Thanks! The spoilers said it resembled the Kyuubi, so I tried not to make too much like the kyuubi. To me it looks like a sort of Wolf.


----------



## Mowgli Uchiha (Oct 6, 2009)

kazekunai said:


> Thanks! *The spoilers said *it resembled the Kyuubi, so I tried not to make too much like the kyuubi. To me it looks like a sort of Wolf.




what spoilers r u talking about?

i'm not being mean, I just wanna know where u heard about a 10 Tailed Beast.

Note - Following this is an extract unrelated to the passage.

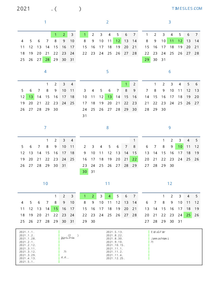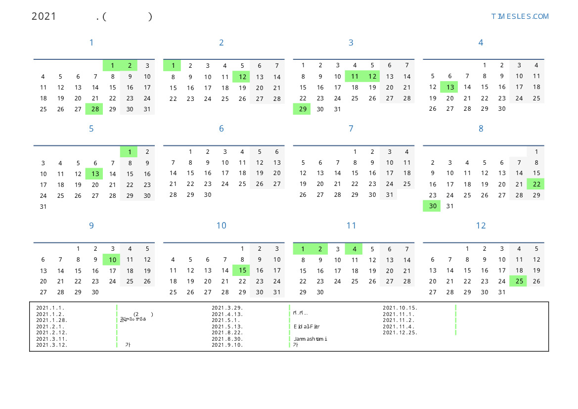 모리셔스 의 2021 년 공휴일 및 주말 달력

also, good job. looks good. keep it up.


----------



## Addy (Oct 6, 2009)

kazekunai will get a rip. i like your style.


----------



## Harry Balzac (Oct 6, 2009)

Probably like the drawing, or a resemblance.


----------



## Winchester Gospel (Oct 6, 2009)

Ooo, I'm diggin' the razor-tail effect.


----------



## kazekunai (Oct 6, 2009)

Mowgli Uchiha said:


> what spoilers r u talking about?
> 
> i'm not being mean, I just wanna know where u heard about a 10 Tailed Beast.
> 
> also, good job. looks good. keep it up.


In the 467 Spoilers in Telegrams.

Also, thanks for the rep!


----------



## kazekunai (Oct 6, 2009)

adel123456789 said:


> kazekunai will get a rip. i like your style.


Thanks a lot! 

Although I think you meant rep, lol


----------



## Mowgli Uchiha (Oct 6, 2009)

kazekunai said:


> In the 467 Spoilers in Telegrams.
> 
> Also, thanks for the rep!




oh damn my curiosity, now it wont be a surpeise.


----------



## Harry Balzac (Oct 6, 2009)

Mowgli Uchiha said:


> oh damn my curiosity, now it wont be a surpeise.



loool yea, u pretty much know now that there's a 10th tail locked up in the moon.


----------



## Laurens (Oct 6, 2009)

Wow, very impressive work !
I also appriciate how you used the pastels ! 
Keep it up !


----------



## Winchester Gospel (Oct 6, 2009)

Wow, are telegram spoilers allowed in the Fanworks section? I'm new here. I didn't really notice at first, because... well, I read telegrams.

Maybe change the title of the thread if you can, to Chapter 467 Spoilers. Even though there's a warning, you're pretty much saying what you made a picture of.


----------



## kazekunai (Oct 6, 2009)

Agovernment said:


> Wow, very impressive work !
> I also appriciate how you used the pastels !
> Keep it up !


Thanks a lot!


----------



## OgreMagi (Oct 6, 2009)

wow, try not putting spoilers in the title of your post


----------